Palaquium sericeum
- Conservation status: Least Concern (IUCN 3.1)

Scientific classification
- Kingdom: Plantae
- Clade: Tracheophytes
- Clade: Angiosperms
- Clade: Eudicots
- Clade: Asterids
- Order: Ericales
- Family: Sapotaceae
- Genus: Palaquium
- Species: P. sericeum
- Binomial name: Palaquium sericeum H.J.Lam

= Palaquium sericeum =

- Genus: Palaquium
- Species: sericeum
- Authority: H.J.Lam
- Conservation status: LC

Species of flowering plant

Palaquium sericeum is a species of tree in the family Sapotaceae. The specific epithet sericeum means 'silky', referring to the indumentum.

==Description==
Palaquium sericeum grows up to 22 m tall. The bark is reddish brown. Inflorescences bear up to 20 flowers. The fruits are round or ellipsoid, up to 2.7 cm long.

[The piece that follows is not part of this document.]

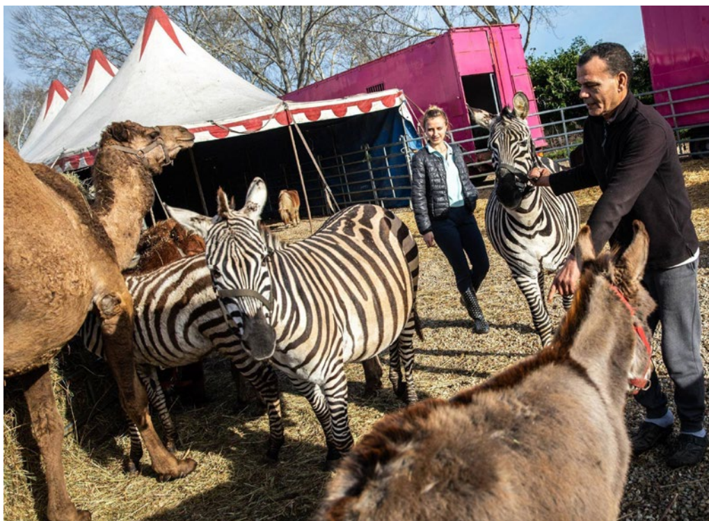
Figura 12. Imatge característica i popular dels animals del circ Medrano.

i nets, executaven números extraordinaris com la gran piràmide eqüestre amb cinc cavalls i vuit joqueis a la manera del que feien llurs avantpassats (fig. 13). La gran figura eqüestre de la família Gruss, amb vuit cavalls i onze genets i genetes, és un gran moment de l'art eqüestre, mentre les amazones acròbates fan números clàssics del circ a l'antiga que recorden les grans i famoses cavalleresses d'inicis del segle xx.

==Distribution and habitat==
Palaquium sericeum is endemic to Borneo. Its habitat is mainly in lowland forests, primarily mixed dipterocarp forest.

==Conservation==
Palaquium sericeum has been assessed as least-concern on the IUCN Red List. The species' habitat is threatened by logging and by conversion of land for palm oil plantations. The species is present in some protected areas, including Kayan Mentarang National Park in North Kalimantan province.